- Goal of the exercise
Repeat all of the data word for word so that only the pictures are missing from the copy.

- Given information
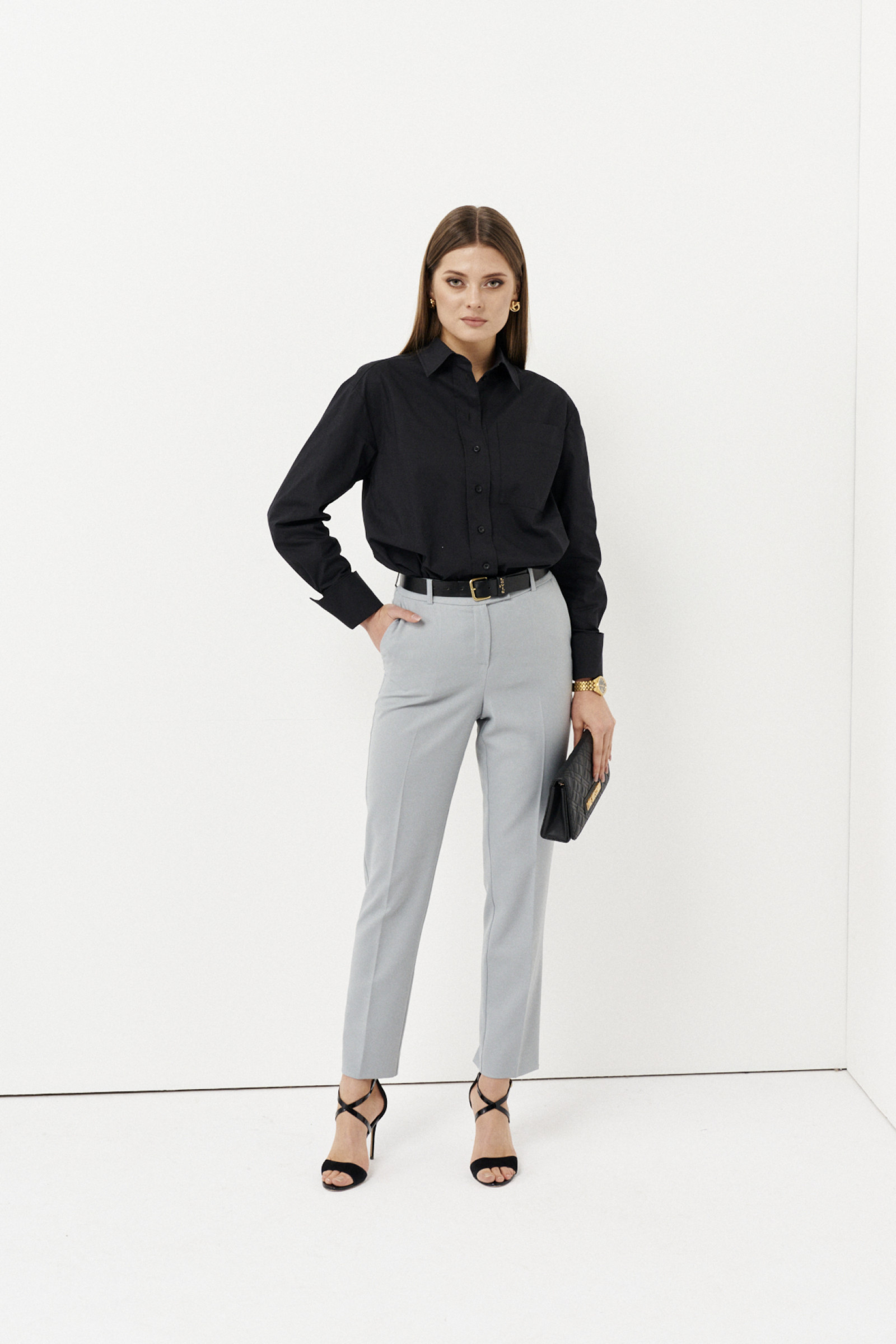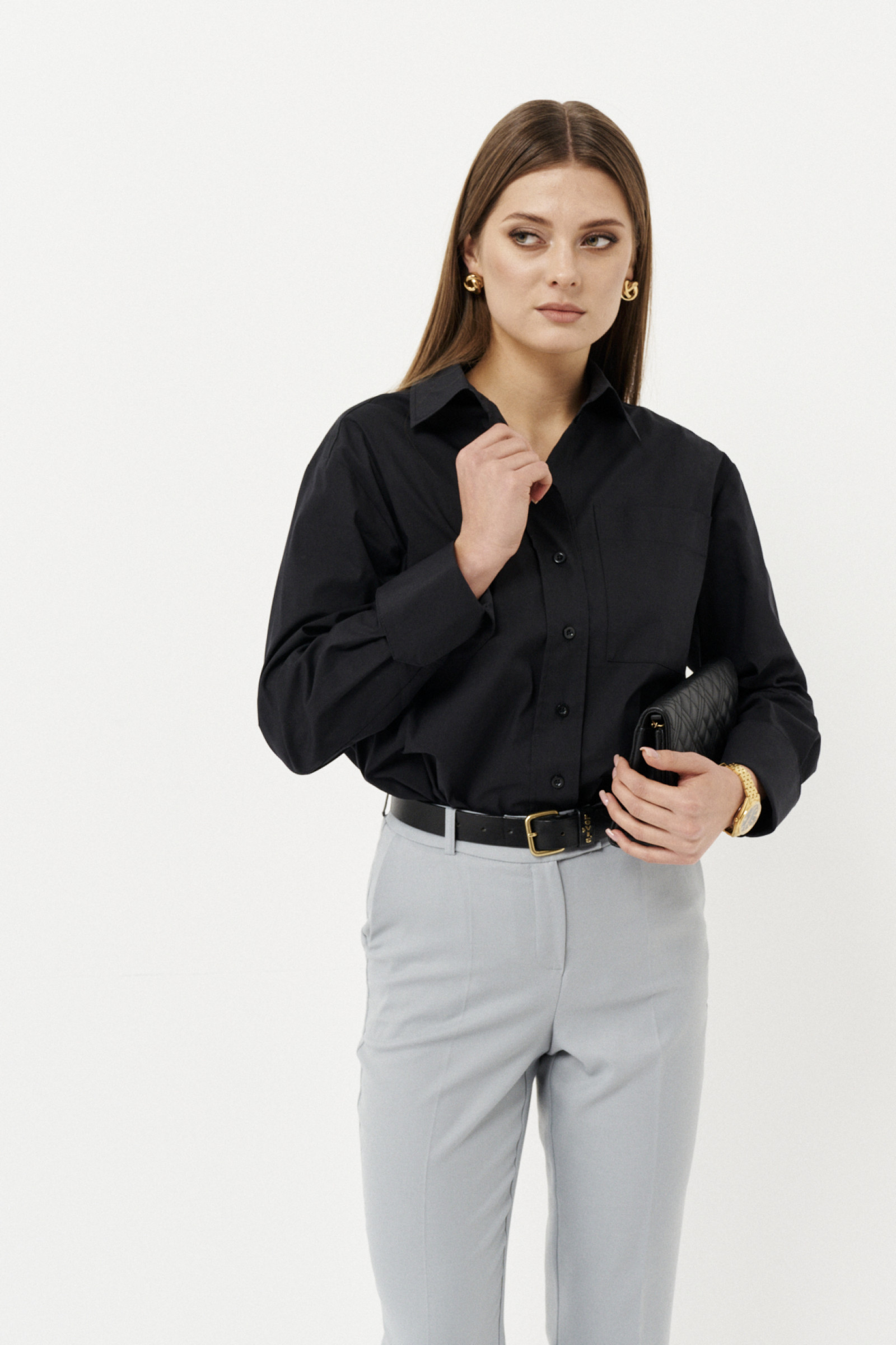 Стильная классическая рубашка от бренда Ketty с необычными модными рукавами. Рукав втачной со средним швом. По низу рукава оформлен высокий отложной манжет, который легко отрегулирует длину рукава. Воротник рубашечный, отложной, на стойке. Застёжка спереди центральная на планку с петлями и пуговицами. Спереди выполнен один нагрудный карман. Спинка длиннее переда, на спинке сделана встречная складка. Линия низа округлая. Прекрасный вариант рубашки для работы в офисе и на каждый день.
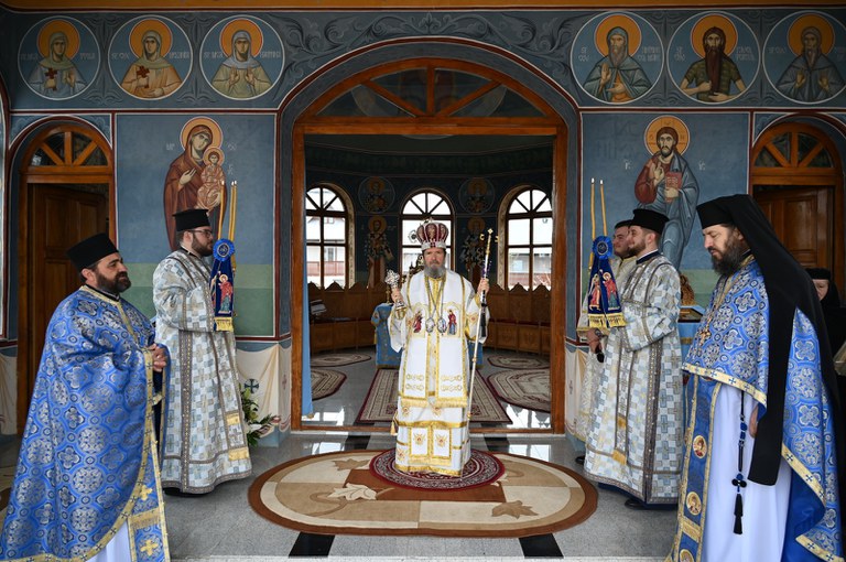 De praznicul Bunei Vestiri, când întreaga Biserică tresaltă de bucuria Veștii mântuitoare, a începutului unirii salvatoare dintre Cer și pământ prin Preasfânta Fecioară Maria, Preasfințitul Părinte Sofronie, Episcopul Oradiei, a săvârșit slujba Vecerniei unită cu Dumnezeiasca Liturghie a Sfântului Ioan Gură de Aur, după rânduiala sărbătorii, în ziua de 25 martie 2025, pe altarul de vară al Mănăstirii „Buna Vestire” din cartierul Episcopia Bihor din Oradea.
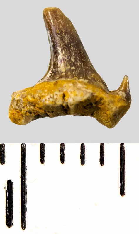 Мелкий боковой зуб с коронкой серого цвета, колюще-режущего типа, S-образно изогнутой, с гладким режущим краем. С лингвальной стороны у основания коронки на эмали имеется скульптура в виде слабой продольной струйчатости. Корень охристый, арочный, умеренно массивный, со следами окатанности. Имеется одна питательная борозда с лингвальной стороны корня. Имелась одна пара добавочных зубцов коронки, сохранился только правый.

- Response area
 Стильная классическая рубашка от бренда Ketty с необычными модными рукавами. Рукав втачной со средним швом. По низу рукава оформлен высокий отложной манжет, который легко отрегулирует длину рукава. Воротник рубашечный, отложной, на стойке. Застёжка спереди центральная на планку с петлями и пуговицами. Спереди выполнен один нагрудный карман. Спинка длиннее переда, на спинке сделана встречная складка. Линия низа округлая. Прекрасный вариант рубашки для работы в офисе и на каждый день.
 De praznicul Bunei Vestiri, când întreaga Biserică tresaltă de bucuria Veștii mântuitoare, a începutului unirii salvatoare dintre Cer și pământ prin Preasfânta Fecioară Maria, Preasfințitul Părinte Sofronie, Episcopul Oradiei, a săvârșit slujba Vecerniei unită cu Dumnezeiasca Liturghie a Sfântului Ioan Gură de Aur, după rânduiala sărbătorii, în ziua de 25 martie 2025, pe altarul de vară al Mănăstirii „Buna Vestire” din cartierul Episcopia Bihor din Oradea.
 Мелкий боковой зуб с коронкой серого цвета, колюще-режущего типа, S-образно изогнутой, с гладким режущим краем. С лингвальной стороны у основания коронки на эмали имеется скульптура в виде слабой продольной струйчатости. Корень охристый, арочный, умеренно массивный, со следами окатанности. Имеется одна питательная борозда с лингвальной стороны корня. Имелась одна пара добавочных зубцов коронки, сохранился только правый.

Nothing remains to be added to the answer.